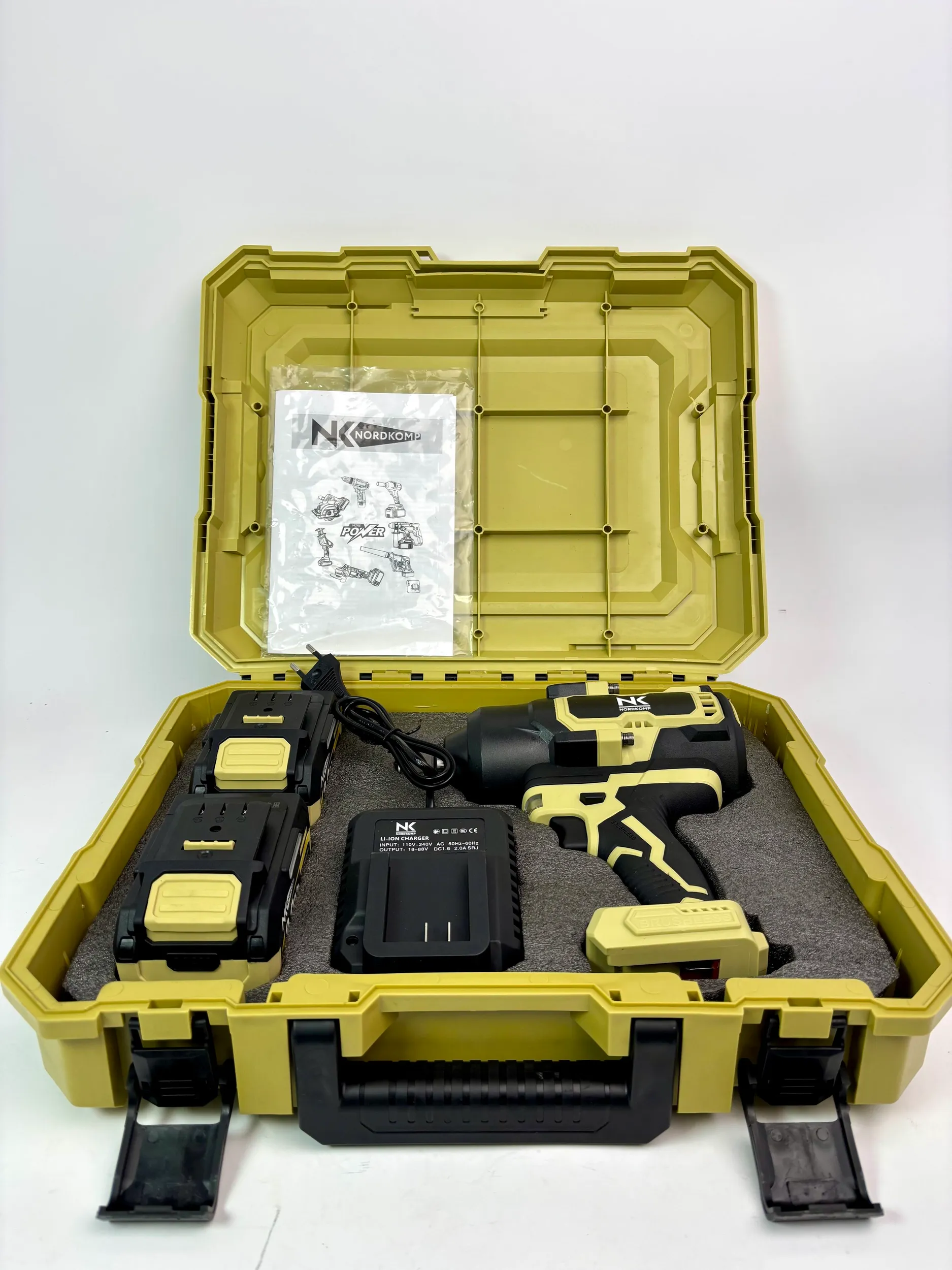 - Грузовой гайковерт 2000 Нм - 2 Аккумулятора 21 В / 9 А - Зарядная станция - Кейс
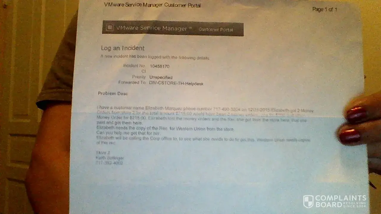 my name is Elizabeth Marquez I lost my money order and proof of purchase it will be a year 12/31/2016, I have send them everything I have in my possession, I have been complying with western union. but not enough proof also the money orders in question have not been cashed.
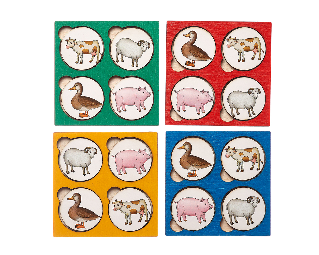 1. Запоминалки. Попросите ребенка запомнить расположение животных на планшете. Пусть малыш отвернется. Поменяйте местами фишки и попросите ребенка сказать, что изменилось. В процессе игры изучайте понятия "вверх"-"вниз", "справа"-"слева".
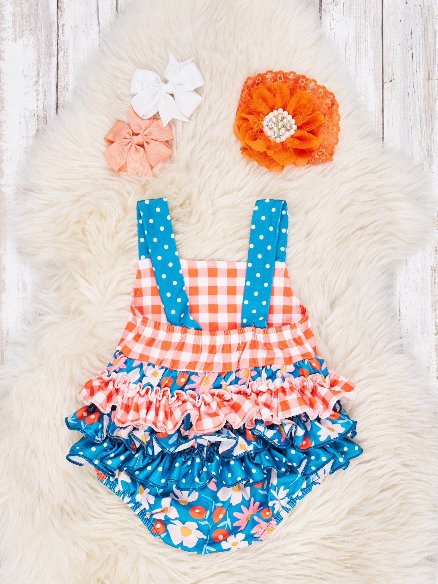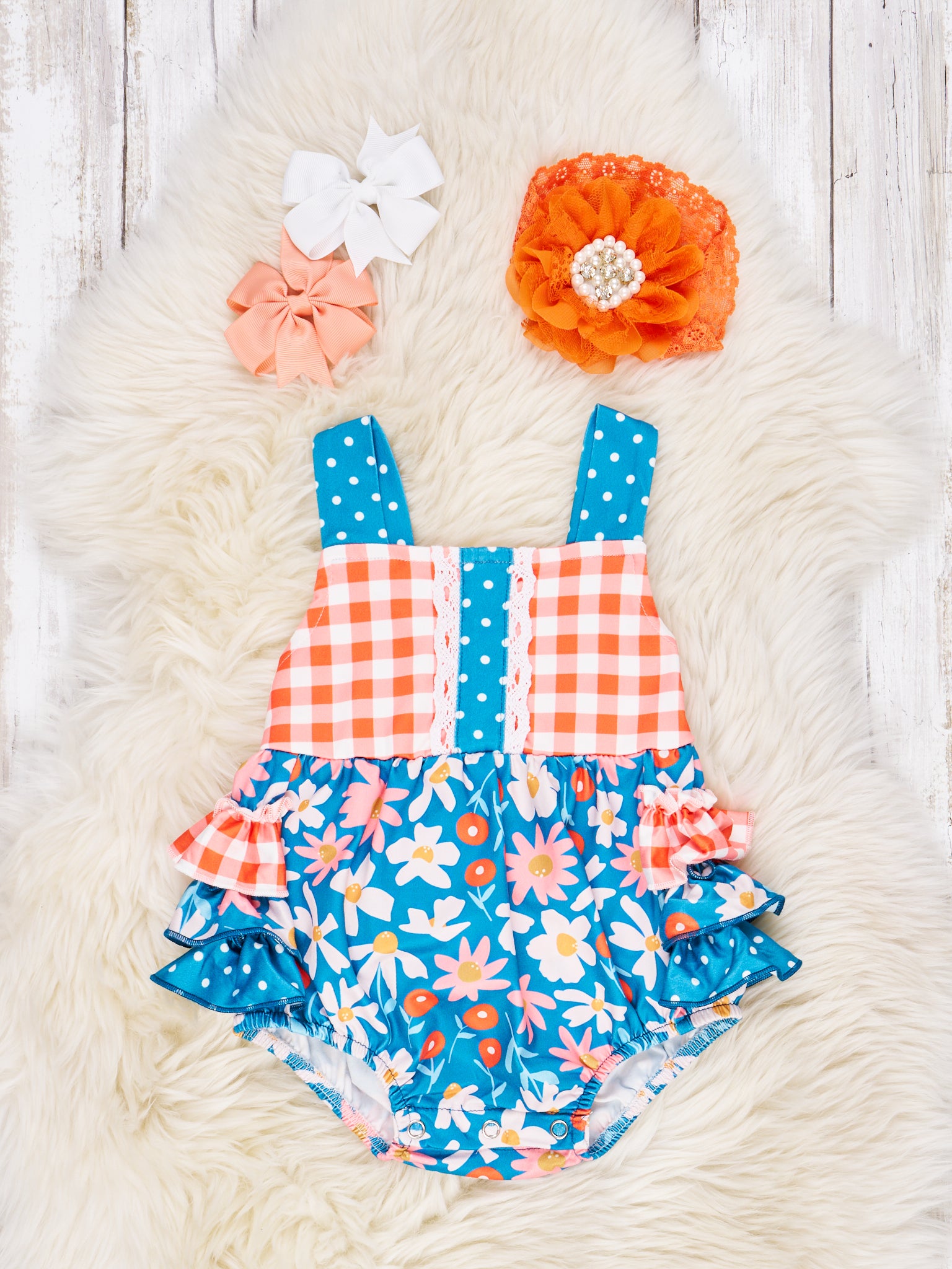 Orange Gingham Floral Romper
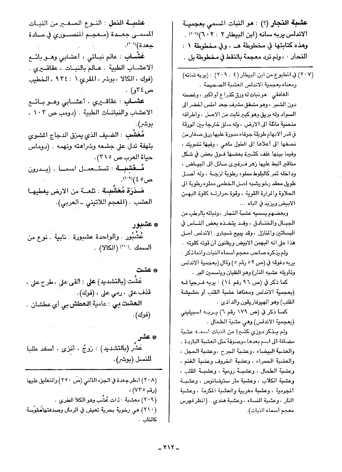 عشبة النجار (؟): هو النبات المسمي بعجمية الأندلس يربه سانه (ابن البيطار 2: 602). وهذه كتابتها في مخطوطة هـ، وفي مخطوطة 1: النحار، ولم ترد معجمة بالنقط في مخطوطة بل.
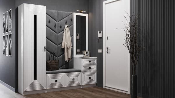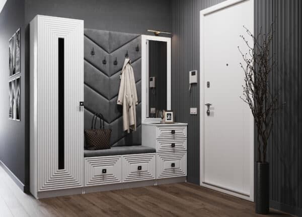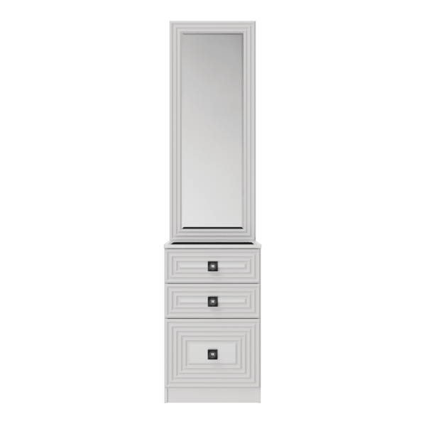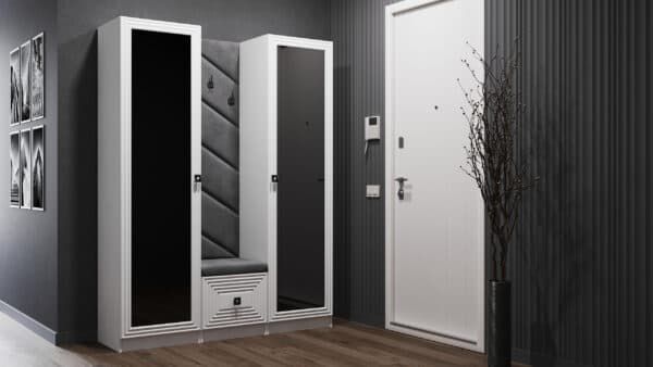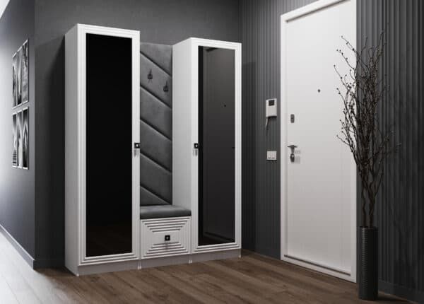 Размеры: Шкаф зеркальный – ш: 550 мм, г: 450 мм, в: 2100 мм Шкаф фрезерованный – ш: 550 мм, г: 450 мм, в: 2100 мм Вешалка 1.0 – ш: 1000 мм, г: 450 мм, в: 2100 мм Вешалка 0.5 – ш: 500 мм, г: 450 мм, в: 2100 мм Комод+Зеркало – ш: 500 мм, г: 450 мм, в: 2100 мм
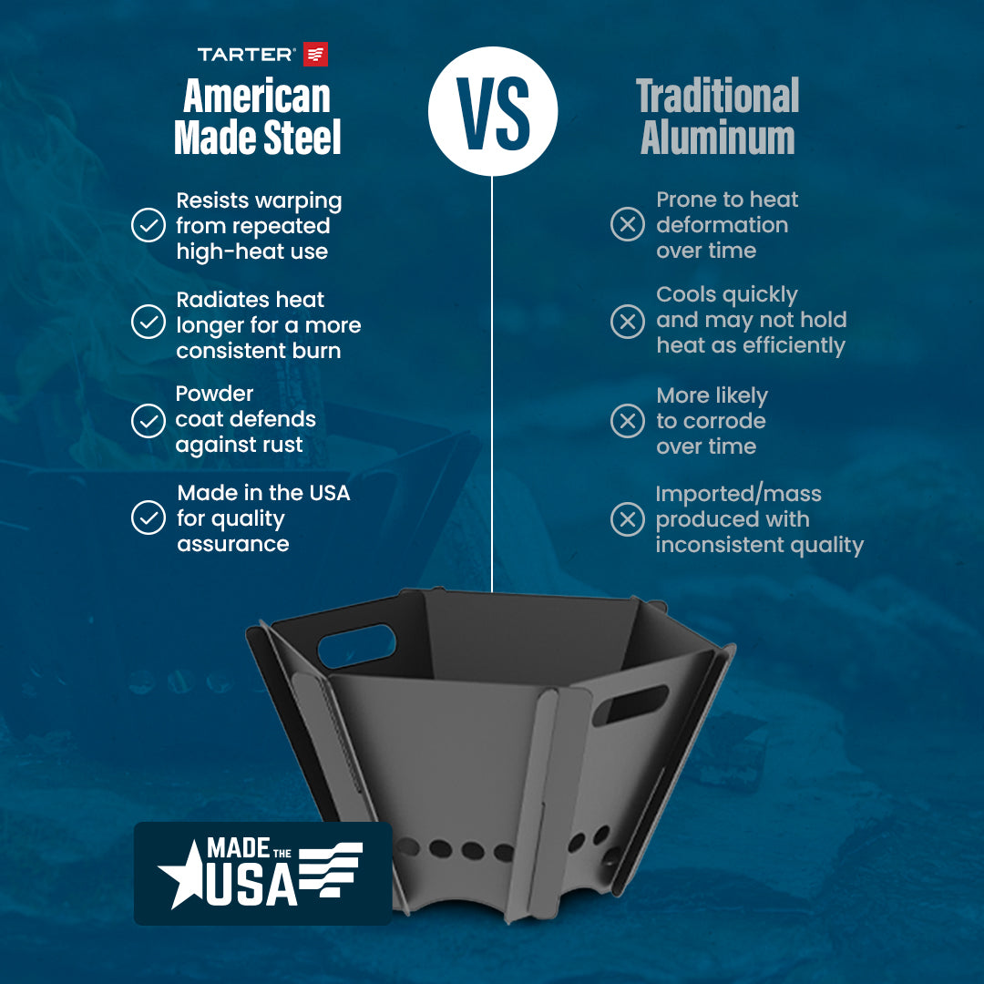Thanks to its unique slot tab design, our outdoor fire pit can be assembled in under 2 minutes without the use of tools. This allows you to focus less on setup and more on creating lasting memories around a beautiful fire. Its portable design enables you to bring the warmth and style of a fire pit with you wherever your adventures lead.
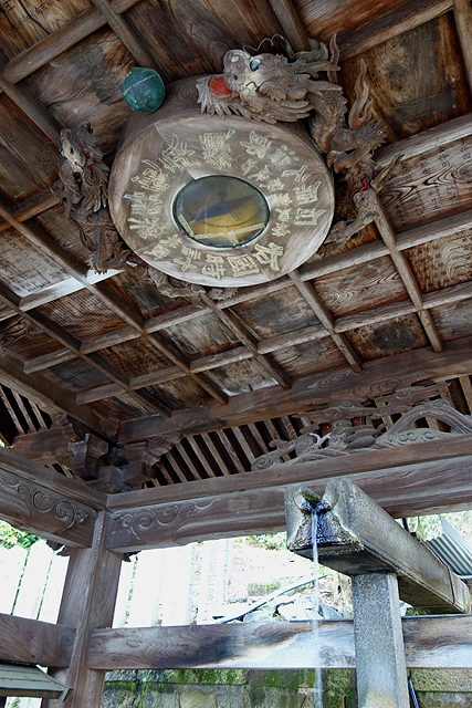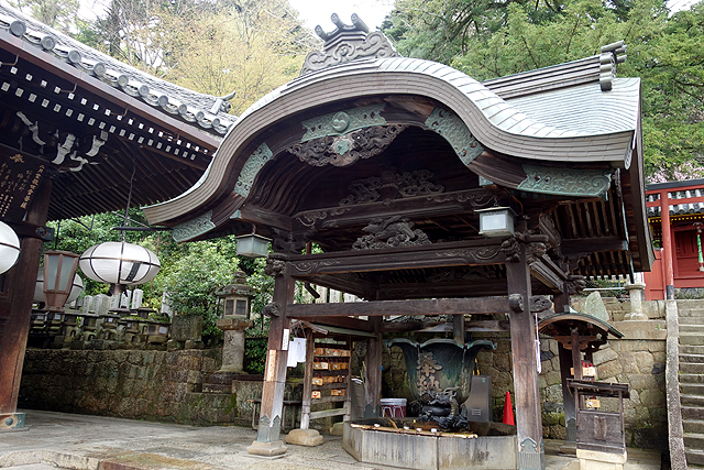 續往上,我來到二樓堂殿旁。這裡設了座以唐破風華麗勾顯的手水舍,簷邊椼架有雲紋鑲綴,簷口懸魚鏤雕細膩,亭內水泉則用瓣緣銅盆盛起、蟠龍護圍,是很少見的貴氣配置。這樣的費工或許跟此堂起源有關吧,它是「修二會」於農曆二月舉行「取水節」儀式的處所,因此與水的關係密切。
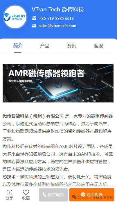 微传智能科技(常州)有限公司 是一家专业的磁阻传感器公司,以磁阻式运动传感器芯片为核心,致力于向汽车、工业和物联网领域提供高附加值的智能传感器产品和解决方案。
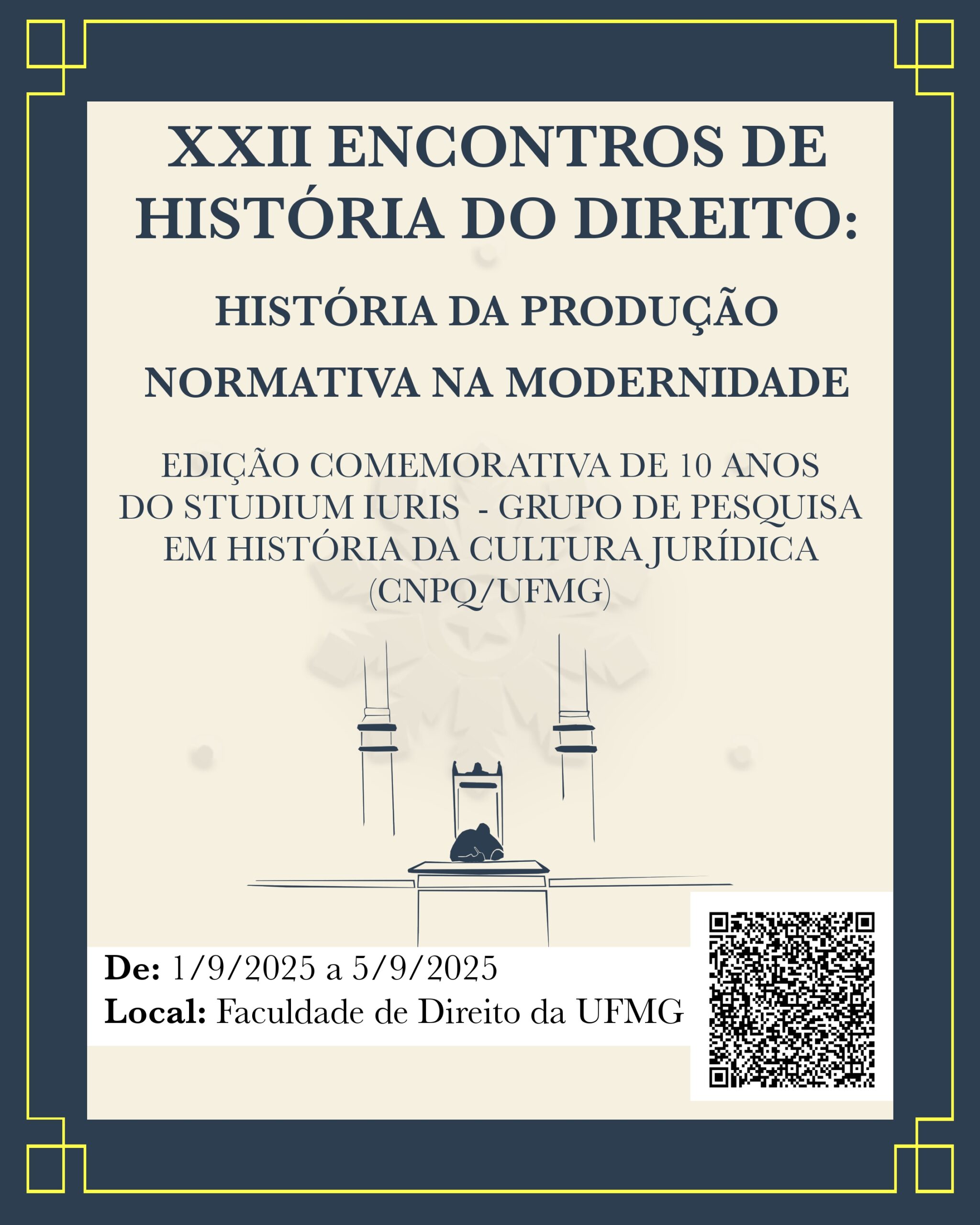 Por decreto soberano, faz-se saber a todos os juristas, historiadores e amantes das ciências que entre os dias 1º de setembro e 5 de setembro do ano da graça de 2025 haverá reunião de eminentes sábios de nossas terras e de outras longínquas para discutir assunto da mais alta importância: a história da produção normativa em nossos tempos. Esse concílio de mentes brilhantes se faz em honra do decenário do grupo que ajuda a manter acesa a chama da paixão histórico-jurídica em nossa pátria: o Studium Iuris – Grupo de Pesquisa em História da Cultura Jurídica (CNPq/UFMG).
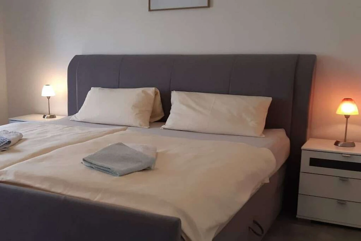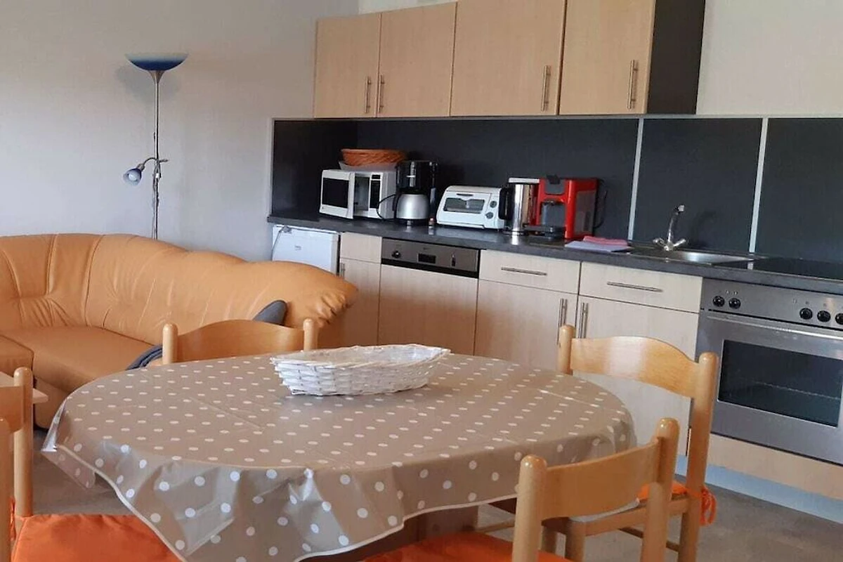 Die komfortabel eingerichtete Ferienwohnung verfügt über 2 Schlafzimmer mit 1 Boxspringbett bzw. 2 Einzelbetten, ein Duschbad sowie eine geräumige Wohnküche mit Cerankochfeld, Geschirrspüler, Kühlschrank, Minibackofen,Wasserkocher und allem erforderlichen Geschirr.
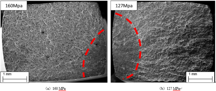 在裂紋穩定擴展階段,試樣斷口表面最重要的顯微特征是“疲勞條帶”,見圖5。疲勞條帶是一系列基本上相互平行的條紋,其與局部裂紋擴展方向垂直。隨著裂紋的進一步擴展,試樣可承載面積逐漸減小。當裂紋擴展到臨界尺寸時,試樣突然斷裂形成瞬斷區,瞬斷區比較粗糙,與材料靜態破壞斷口形貌相似。與低應力水平相比,試樣承受高應力水平時,疲勞擴展區面積較小,瞬斷區面積較大,見圖6。

○ ○ ○

Your assignment:
Reproduce exactly, with no pictures, the lines above from the one holding "my name is Elizabeth" to the one holding "Orange Gingham Floral Romper", inclusive.

Written answer:
 my name is Elizabeth Marquez I lost my money order and proof of purchase it will be a year 12/31/2016, I have send them everything I have in my possession, I have been complying with western union. but not enough proof also the money orders in question have not been cashed.
 1. Запоминалки. Попросите ребенка запомнить расположение животных на планшете. Пусть малыш отвернется. Поменяйте местами фишки и попросите ребенка сказать, что изменилось. В процессе игры изучайте понятия "вверх"-"вниз", "справа"-"слева".
 Orange Gingham Floral Romper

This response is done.